Sunday, September 29, 2013

The 0-10 pain scale, as my patients understand it

"My abdominal pain? It's a 10/10."




"The pain? Oh yea, it's about a 9... Can you come back when you have my medicine? I've got to finish this tweet."




Zzzzzzzzz... zzzzzzzzzzz... zzzzzzzzz... "Hey! Weren't you supposed to bring me more drugs? I have 10/10 pa..." zzzzzzzzz





"Well, I've had this cold for awhile. My sore throat is at least a 6 all the time, but when I cough it's definitely a 10/10."




"Only out of 10? Oh no girl, it's a 20."





"Don't... worry... about... me. It's only like a 3/10. I'm sure... you have... sicker... people... to help."


Tuesday, September 24, 2013

Patient's Words of Wisdom

"Only in the hospital do people come wake you up just to ask if you're sleeping."

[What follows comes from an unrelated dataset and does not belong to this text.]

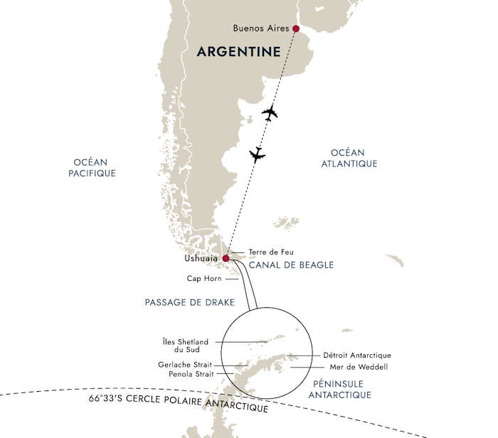Notre aventure commence dans le berceau argentin du tango, Buenos Aires, avant de nous envoler pour Ushuaïa, où nous attend notre confortable navire d’expédition à propulsion hybride. Grâce à l’équipe d’expédition, la traversée du Passage de Drake est un moment fort en apprentissage et en adrénaline. À notre arrivée, ce sont les îles Shetland du Sud, la mer de Weddell, ainsi que les détroits de l’Antarctique, de Gerlache et de Penola qui nous attendent. Les journées seront synonymes d’émerveillement, alors que nous contemplons d’immenses glaciers et icebergs, dans une aventure profondément enrichissante et hors du commun.

Sunday, September 22, 2013

Who gets turned down?

Where I work, we get a lot of organ transplants. I love that patient population. They're my favorites actually. I think organ transplant is an amazing and miraculous advance of modern medicine. But organs are a scarce and precious commodity. Thus, there are rules in place that govern the allocation of organs and who gets a new organ. Not only does the potential recipient have to qualify medically under strict guidelines, but they also have to qualify from a psychosocial standpoint. This is to ensure that the scarce commodity that is that organ is not squandered. Being a transplant recipient is a lot of work, even and especially after being discharged from the hospital.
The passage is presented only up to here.